Still, Plaisance is right regarding other media. If you can’t match it, don’t rehash it.

Brendan Nyhan of the University of Michigan’s Gerald R. Ford School of Public Policy, who specializes in politics and media and is a contributor to “The Upshot” at the New York Times, agrees.

He, too, sees problems in rushing the news: “It’s fair to say unverified claims of whatever sort are too often amplified too far, too fast. … People who care about the media’s role in a democracy should be concerned about breaking news without time to assess its veracity.”

Two years ago this month, I wrote that Trump took office fighting with the media over the size of his inauguration crowd. It was an inauspicious start that set the stage for a tug-of-war over America’s trust.

Two years later, that war goes on, and one could argue no one’s winning.

Yes — despite instances, such as the BuzzFeed flap and MAGA kids — national surveys show trust in media growing since Trump took office.

But Gallup’s latest poll on media, released last October, shows only 45 percent of Americans have a great deal or fair amount of trust in mass media.

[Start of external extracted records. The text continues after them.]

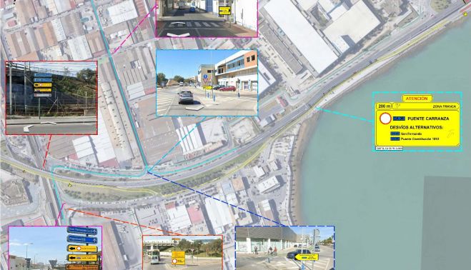 El tráfico de la CA-33, si accede a la CA-36, será desviado en la salida de Zona Franca y dirigido por las calles y avenidas señalizadas hasta la CA-35 y el Puente de la Constitución de 1812.
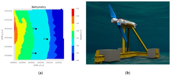 Figure 7. (a): Array of Three Turbines and bathymetry of the lease area; (b): Nova M100 tidal turbine.
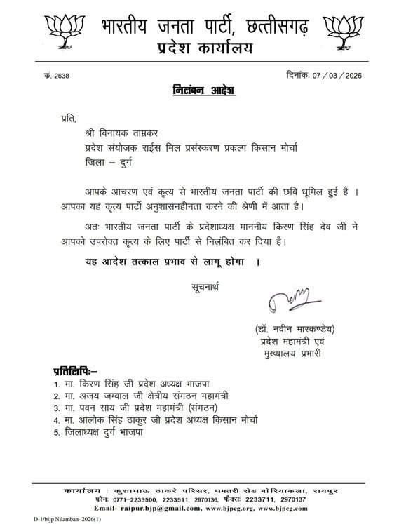 प्रदेश भाजपा अध्यक्ष किरण सिंह देव के निर्देश पर उन्हें तत्काल प्रभाव से पार्टी से निलंबित कर दिया गया है। आदेश में स्पष्ट किया गया है कि यह निर्णय तुरंत लागू होगा।

That’s a big improvement from an all-time low of 32 percent in 2016. But Gallup polling puts Trump’s approval rating last October at 44 percent, basically tied with media.

At the start of this month, Trump was at 37 percent. Unclear where media is.

What is clear is that the war continues at a time when media’s most valuable aspects, serving as watchdog and holding power accountable, are especially needed.

It won’t surprise you that I believe journalism — real journalism, measured and verifiable, whose job it is to get the public as close to the truth as possible — is more important than any politician (or president), whose job it is to push policies and win elections.

Just don’t confuse all mass media or social media with real journalism. Because even if the latter is sometimes flawed, it is almost never fake.